4.3 Radiation Properties of Real Surfaces

Radiation Properties of Real Surfaces vs Blackbodies

Real surfaces don't behave like perfect blackbodies. They emit and absorb less radiation, and their properties shift depending on material, surface condition, and temperature. Understanding these differences is essential for any real-world radiation heat transfer analysis.

The four key properties you need to know are emissivity, absorptivity, reflectivity, and transmissivity. Each one compares a real surface's behavior to a blackbody reference, and together they determine how a material interacts with thermal radiation.

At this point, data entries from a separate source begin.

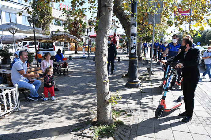 Koronavirüs denetimine scooterlarla çıkan zabıta ekiplerine Tuzla Belediye Başkanı Dr. Şadi Yazıcı da katıldı. "Bin Bin" projesi kapsamında koronavirüs denetimleri yapan ekipler ve Başkan Şadi Yazıcı'ya vatandaşlar büyük ilgi gösterdi.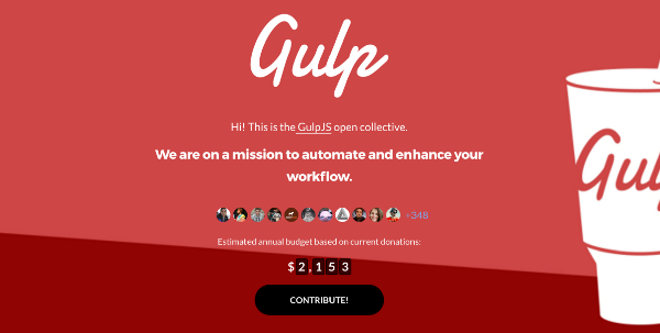 Pro tip: Customize your Open Collective page, like Grav and Gulp above. Once logged in, you can hover over elements to edit them.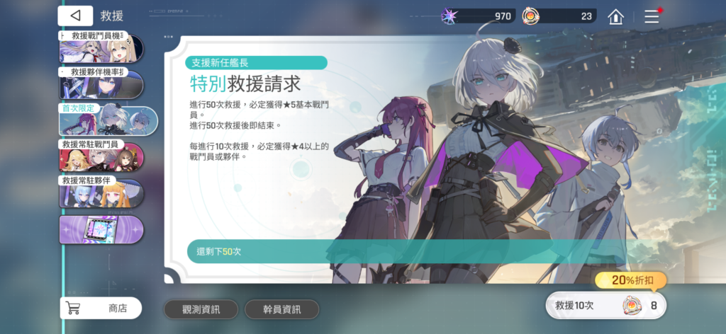 《卡厄斯夢境》的抽卡分為「戰鬥員」與「夥伴」兩種,首抽建議以「戰鬥員」為優先,卡池建議可先抽 80% 折扣的 50 抽保底「特別救援請求」(俗稱:新手卡池)。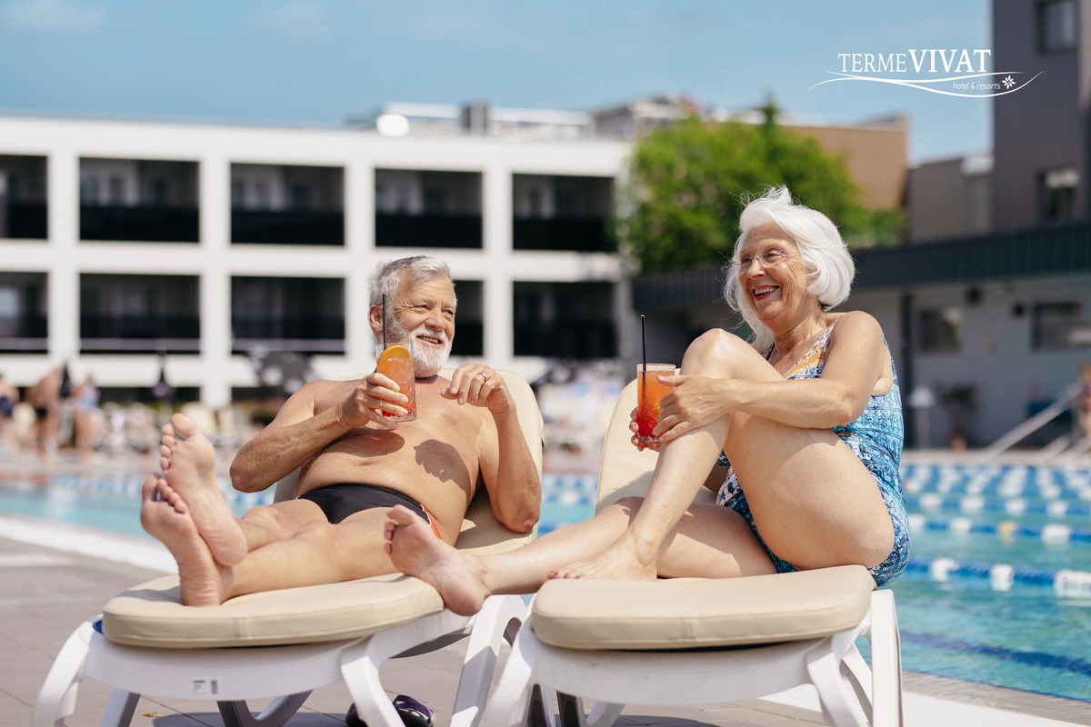 Bazénový komplex Terme Vivat zahŕňa približne 2000 m² vodnej plochy s vnútornými aj vonkajšími bazénmi. Termálna voda v kúpeľoch Vivat je hydrogénuhličitano-chlorido-sodného typu a má uznávaný status prírodného liečivého prostriedku. Kúpanie v tejto vode má mimoriadne pozitívny vplyv na organizmus – osviežuje ho, zlepšuje krvný obeh, znižuje nervové napätie a pomáha pokožke rýchlejšie sa opáliť.
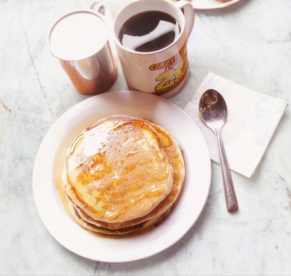 Tres esponjosos hotcakes.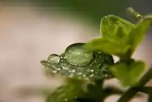The salt glands of mangroves such as Acanthus, Aegiceras, Aegialitis and Avicennia are a distinctive multicellular trichome, a glandular hair found on the upper leaf surface and much more densely in the abaxial indumentum. On the upper leaf surface they are sunken in shallow pits, and on the lower surface they occur scattered among long nonglandular hairs composed of three or four cells. Development of the glands resembles that of the nonglandular hairs until the three-celled stage, when the short middle stalk cell appears. The salt gland continues to develop to produce two to four vacuolated cells at the level of the epidermis, the stalk cell with an almost completely cutinized wall, and at least eight terminal cells. The terminal cells have a thin, perforated cuticle which separates from the cell walls apically, leaving an enclosed cavity between them. The secreted salt evaporates and forms visible crystals.[2]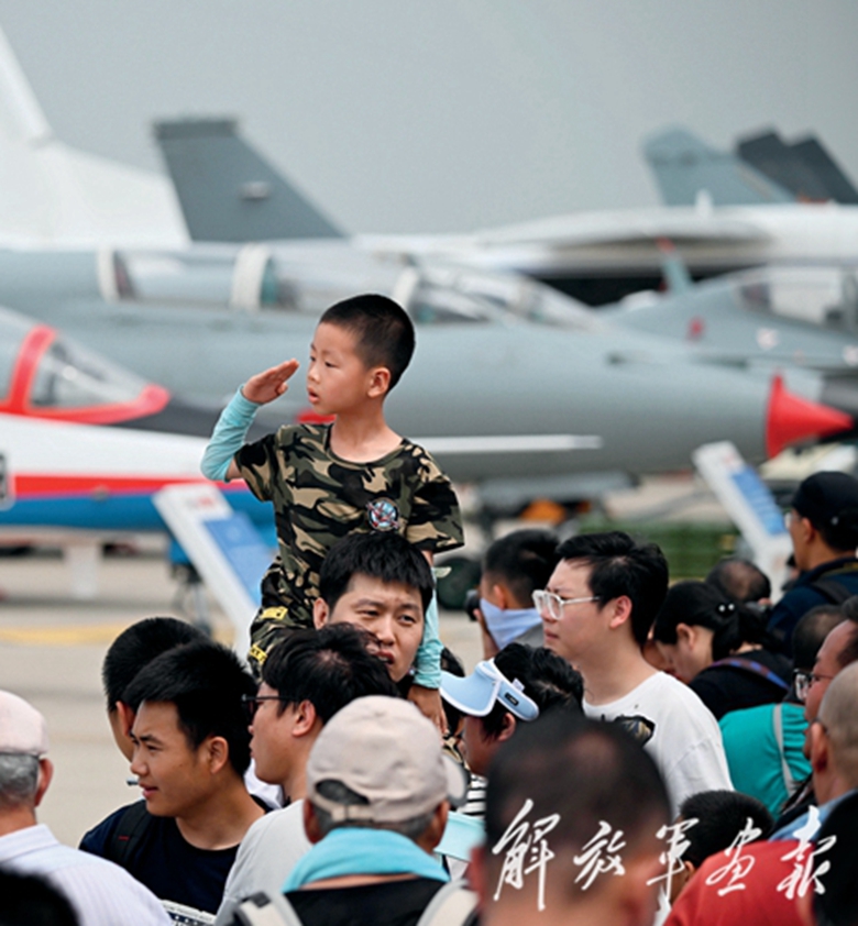 空軍航空開放活動·長春航空展首個公眾日上,一名男孩向空軍戰(zhàn)機敬禮。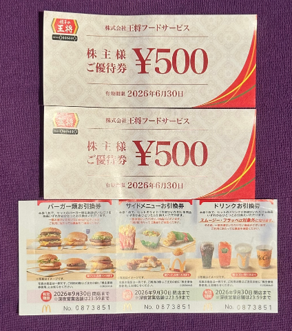 いつも待ってきてくださる差し入れ…訳あってお見せすることができなくて残念ですが、とてもありがたく使わせていただいてます😊今回はいつもいただく差し入れにプラス、王将とマックの優待券もいただきました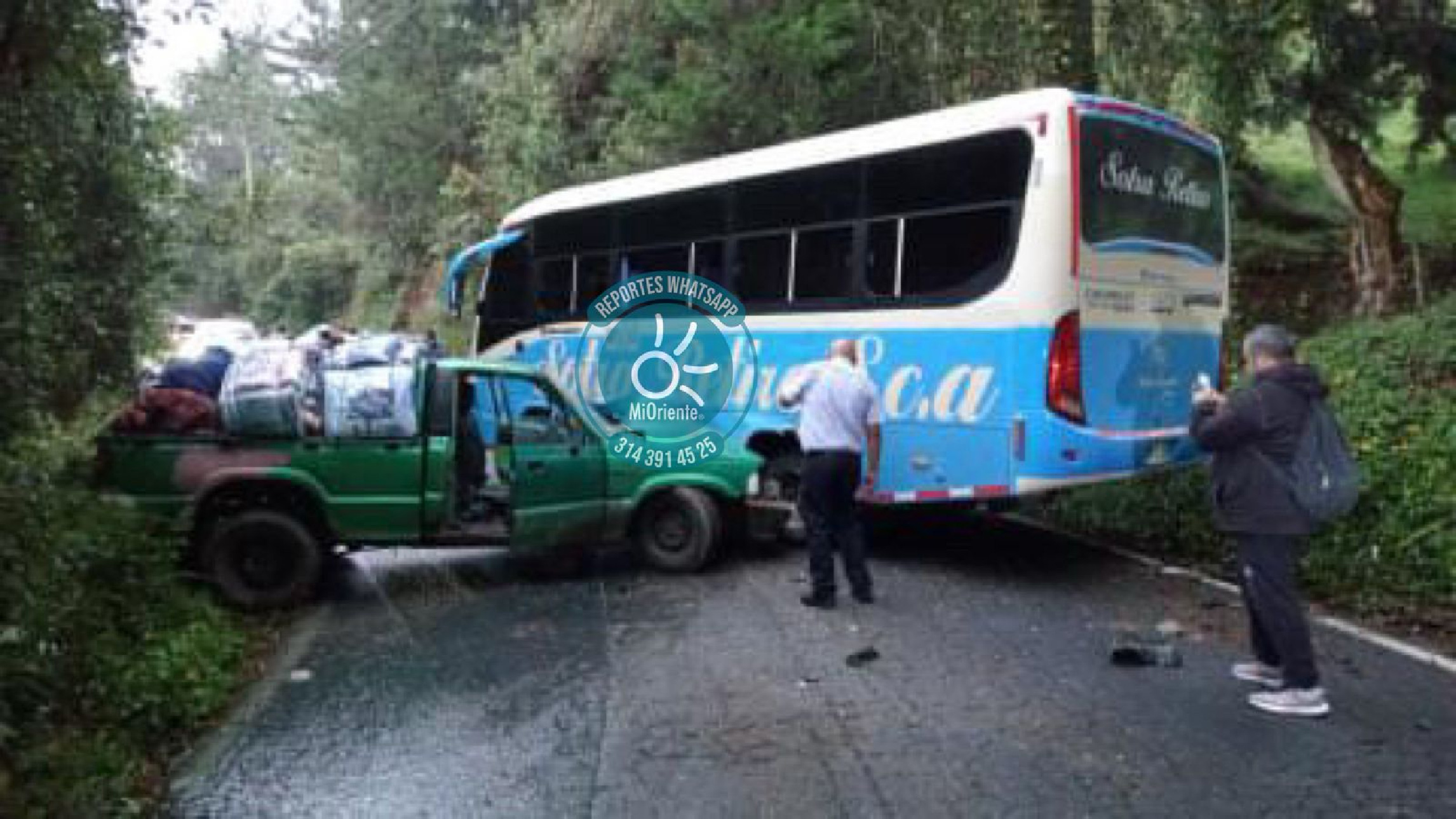 Camioneta y bus colisionaron en la vía La Ceja-El Retiro, dejando a una persona herida
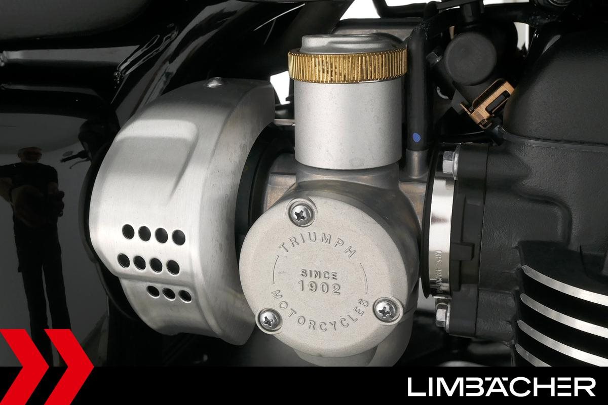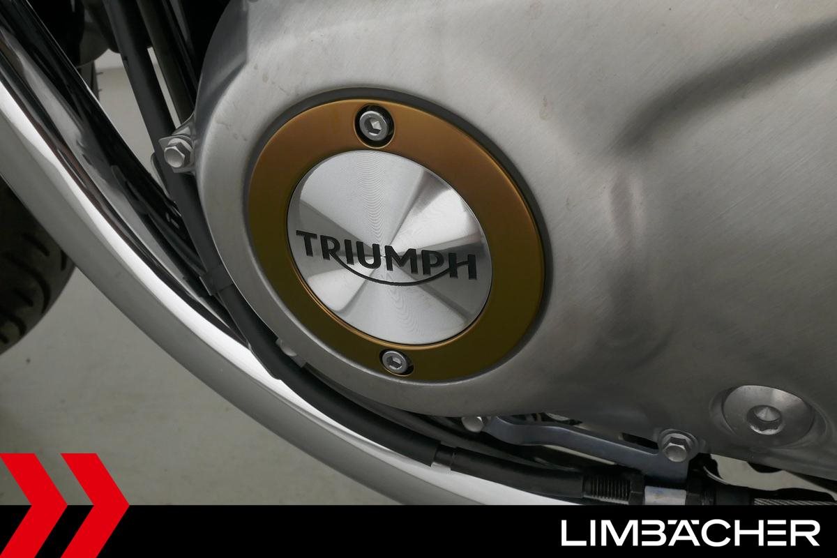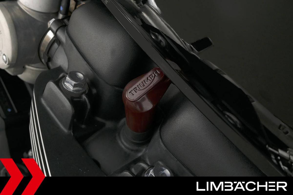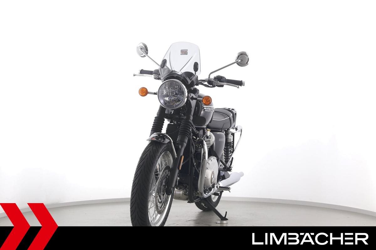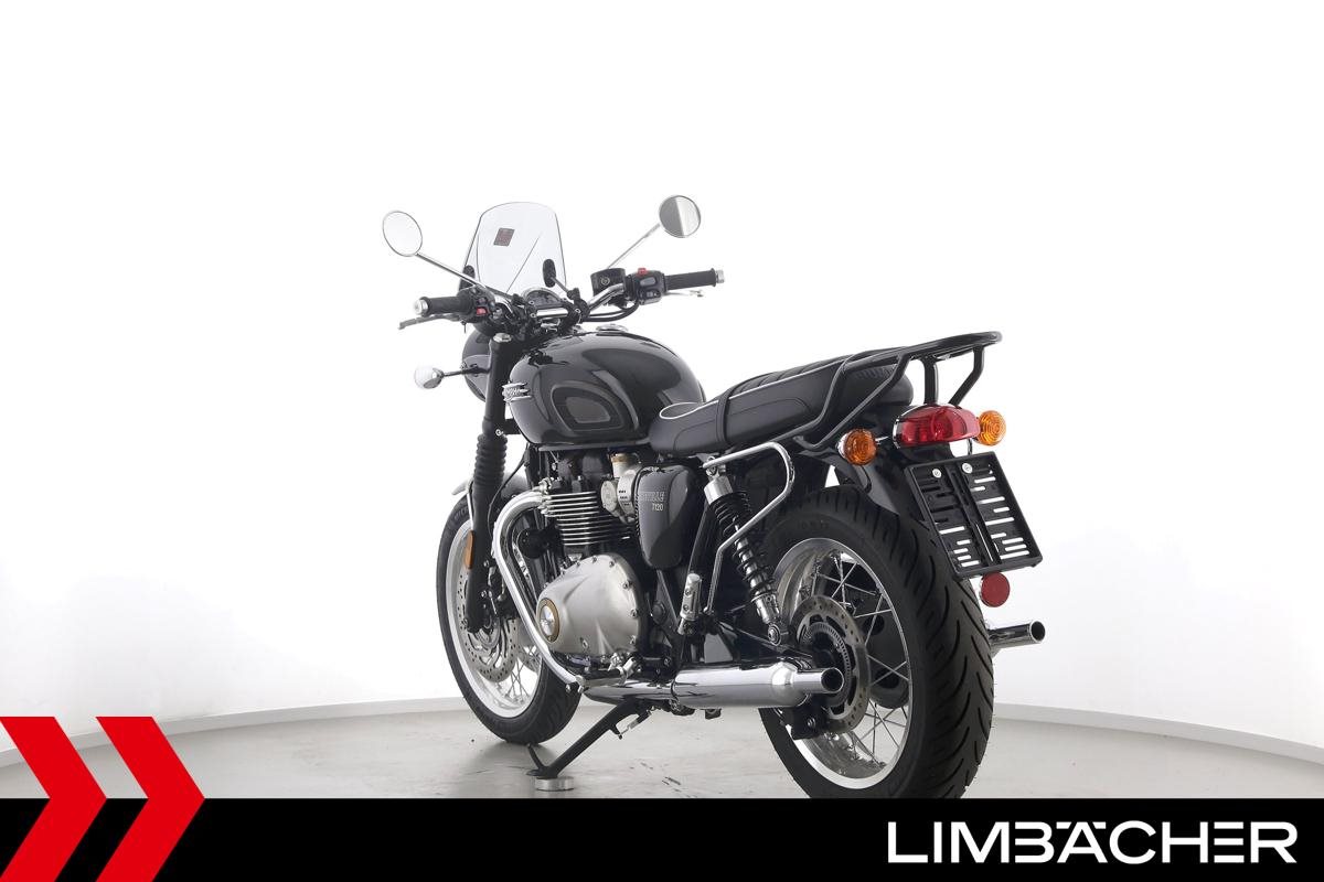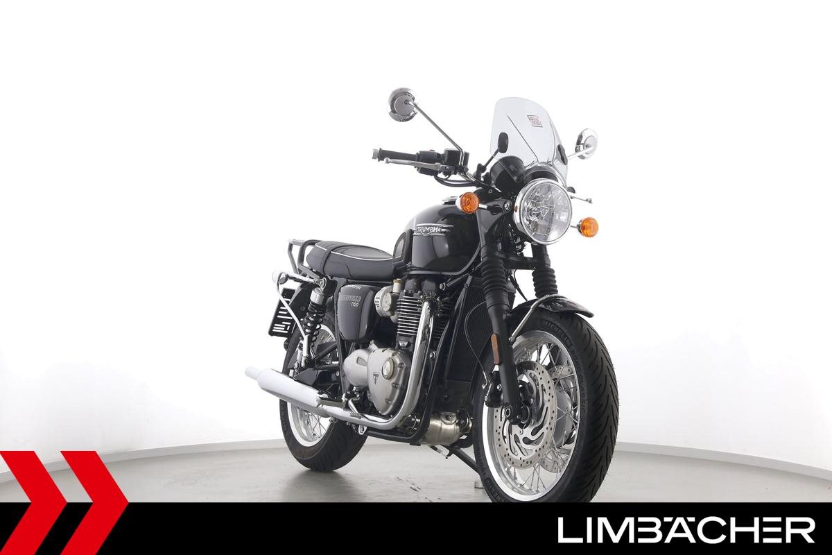 Eine scheckheftgepflegte Triumph Bonneville T120 aus zweiter Hand in sehr gepflegtem Zustand u.a. mit Temporegelung sowie Givi-Gepäckträger.

Real Surfaces' Imperfect Radiation Properties

A blackbody is an idealized surface that absorbs all incident radiation and emits the maximum possible radiation at a given temperature (following Planck's law and the Stefan-Boltzmann law). No real surface does this perfectly.

Real surfaces differ from blackbodies in several ways:

• They emit and absorb less radiation than a blackbody at the same temperature
• Their radiation properties vary with wavelength (visible, infrared, ultraviolet) and direction (normal vs. oblique angles)
• Properties depend on the material (metals, ceramics, polymers), surface condition (rough, smooth, oxidized), and temperature

Some surfaces come close to blackbody behavior. Carbon black, cavities with small openings, and certain anodized aluminum surfaces are common near-blackbody examples used in calibration and testing.

Characterizing Real Surface Radiation Properties

The radiation behavior of a real surface is captured by four dimensionless ratios, each comparing actual radiation behavior to the blackbody reference:

• Emissivity ($\varepsilon$): ratio of radiation emitted by the real surface to that emitted by a blackbody at the same temperature. Ranges from 0 to 1.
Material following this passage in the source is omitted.